# Task statement
Return exactly the lines from the one containing "决赛中,最初进行的是搀杂双打" through the last line of the records below, both included, and leave out any pictures.
=== Exercise inputs ===
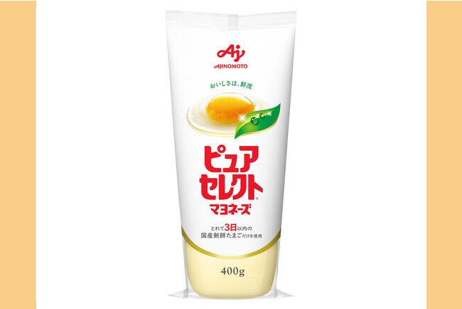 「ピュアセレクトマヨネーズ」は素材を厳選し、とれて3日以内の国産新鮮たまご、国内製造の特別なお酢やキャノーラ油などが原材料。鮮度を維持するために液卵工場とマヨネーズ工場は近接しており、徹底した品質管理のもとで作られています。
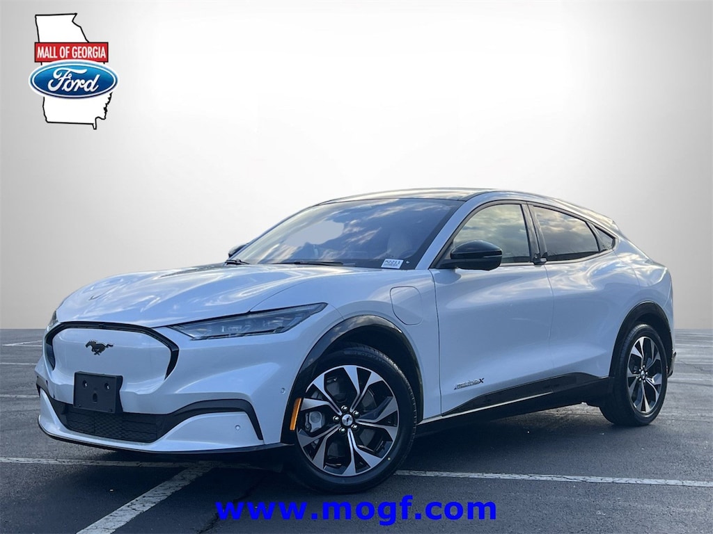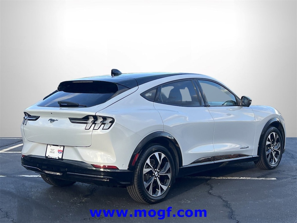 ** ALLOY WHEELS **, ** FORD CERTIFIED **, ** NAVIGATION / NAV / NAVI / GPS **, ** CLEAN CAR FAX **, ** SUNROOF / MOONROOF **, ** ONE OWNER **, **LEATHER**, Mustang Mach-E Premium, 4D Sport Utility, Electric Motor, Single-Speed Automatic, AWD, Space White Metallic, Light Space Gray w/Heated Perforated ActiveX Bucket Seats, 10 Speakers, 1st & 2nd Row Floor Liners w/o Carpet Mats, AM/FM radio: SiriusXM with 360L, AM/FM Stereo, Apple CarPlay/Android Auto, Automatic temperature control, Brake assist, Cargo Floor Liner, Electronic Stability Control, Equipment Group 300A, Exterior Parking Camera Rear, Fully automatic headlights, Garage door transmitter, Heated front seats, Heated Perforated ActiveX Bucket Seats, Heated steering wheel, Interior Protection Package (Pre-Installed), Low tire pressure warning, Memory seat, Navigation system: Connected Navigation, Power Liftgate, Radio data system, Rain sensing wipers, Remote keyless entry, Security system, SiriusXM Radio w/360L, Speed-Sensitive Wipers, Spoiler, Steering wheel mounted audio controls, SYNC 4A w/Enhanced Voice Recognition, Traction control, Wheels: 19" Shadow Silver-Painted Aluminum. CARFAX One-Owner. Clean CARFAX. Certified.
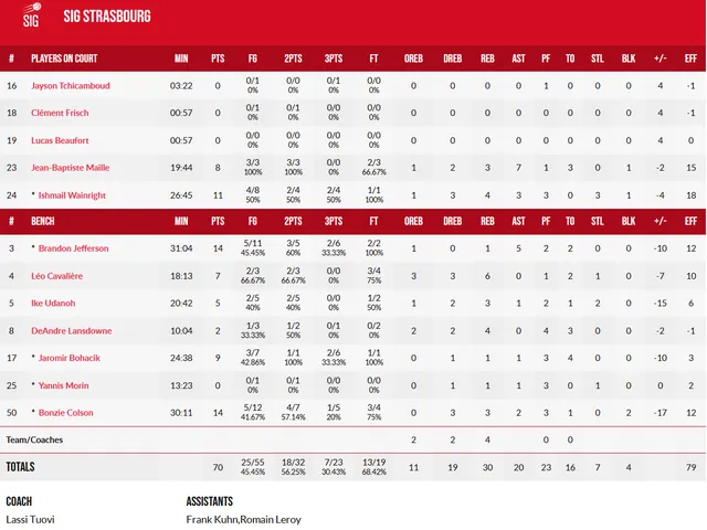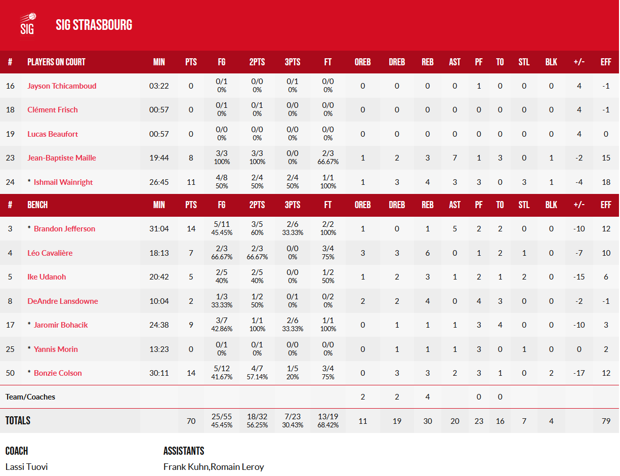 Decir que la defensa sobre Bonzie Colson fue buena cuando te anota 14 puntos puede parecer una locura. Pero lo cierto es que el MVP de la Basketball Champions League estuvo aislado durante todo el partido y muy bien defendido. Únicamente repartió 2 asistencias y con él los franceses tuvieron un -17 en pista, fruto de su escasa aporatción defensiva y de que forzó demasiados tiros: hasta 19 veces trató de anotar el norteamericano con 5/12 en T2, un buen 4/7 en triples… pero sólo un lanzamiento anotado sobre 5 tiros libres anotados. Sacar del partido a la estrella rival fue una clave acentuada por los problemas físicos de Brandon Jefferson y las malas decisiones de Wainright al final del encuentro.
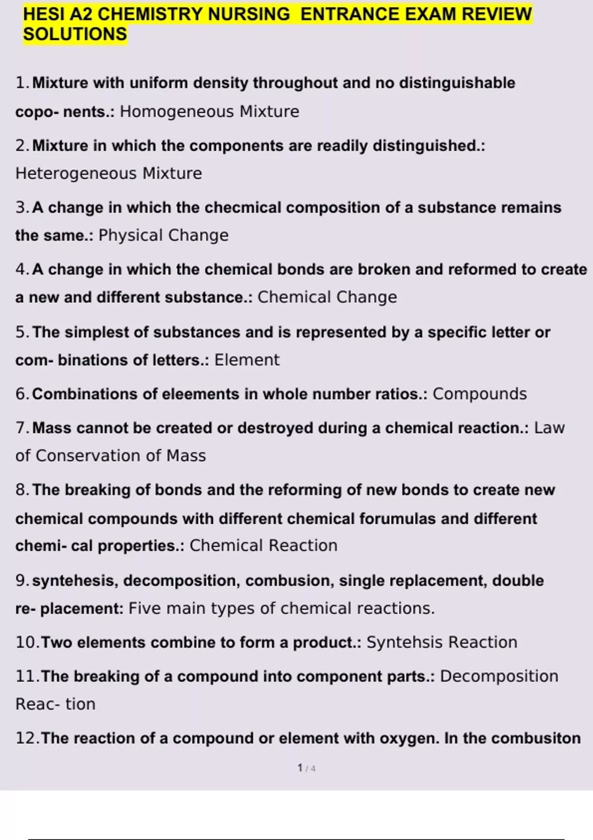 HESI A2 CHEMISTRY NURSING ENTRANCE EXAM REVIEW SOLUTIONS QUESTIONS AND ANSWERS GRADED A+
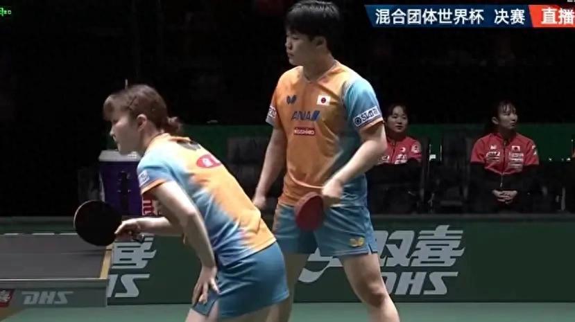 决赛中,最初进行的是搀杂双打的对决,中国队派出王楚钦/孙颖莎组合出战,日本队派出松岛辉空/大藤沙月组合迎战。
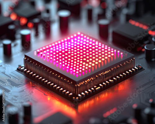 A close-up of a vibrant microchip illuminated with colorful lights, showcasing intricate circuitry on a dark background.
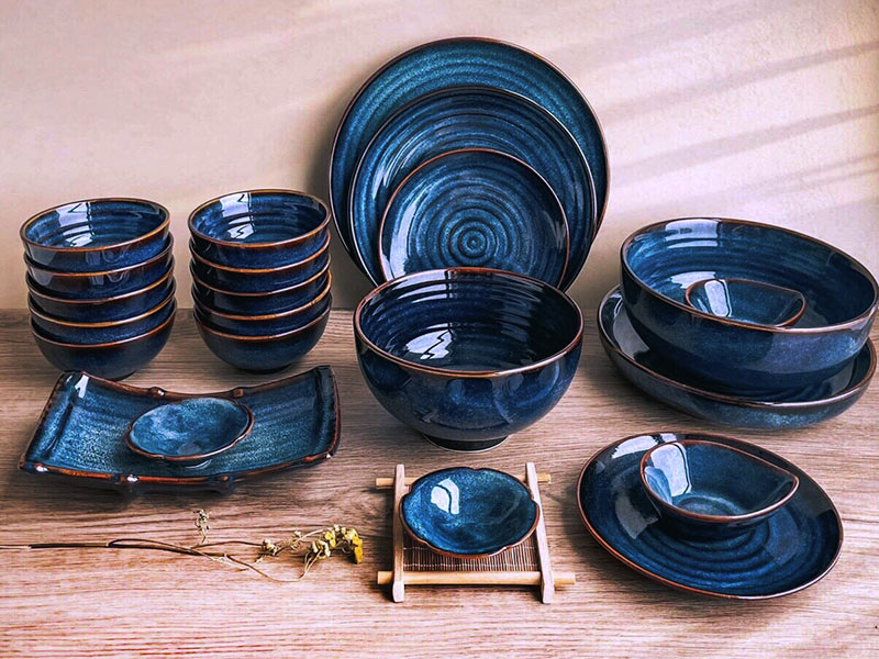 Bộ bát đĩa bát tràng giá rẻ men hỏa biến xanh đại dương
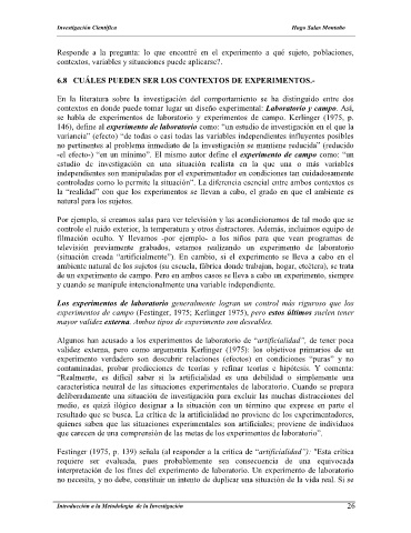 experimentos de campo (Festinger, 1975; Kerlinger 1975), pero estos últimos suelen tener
===
# Task output
 决赛中,最初进行的是搀杂双打的对决,中国队派出王楚钦/孙颖莎组合出战,日本队派出松岛辉空/大藤沙月组合迎战。
 A close-up of a vibrant microchip illuminated with colorful lights, showcasing intricate circuitry on a dark background.
 Bộ bát đĩa bát tràng giá rẻ men hỏa biến xanh đại dương
 experimentos de campo (Festinger, 1975; Kerlinger 1975), pero estos últimos suelen tener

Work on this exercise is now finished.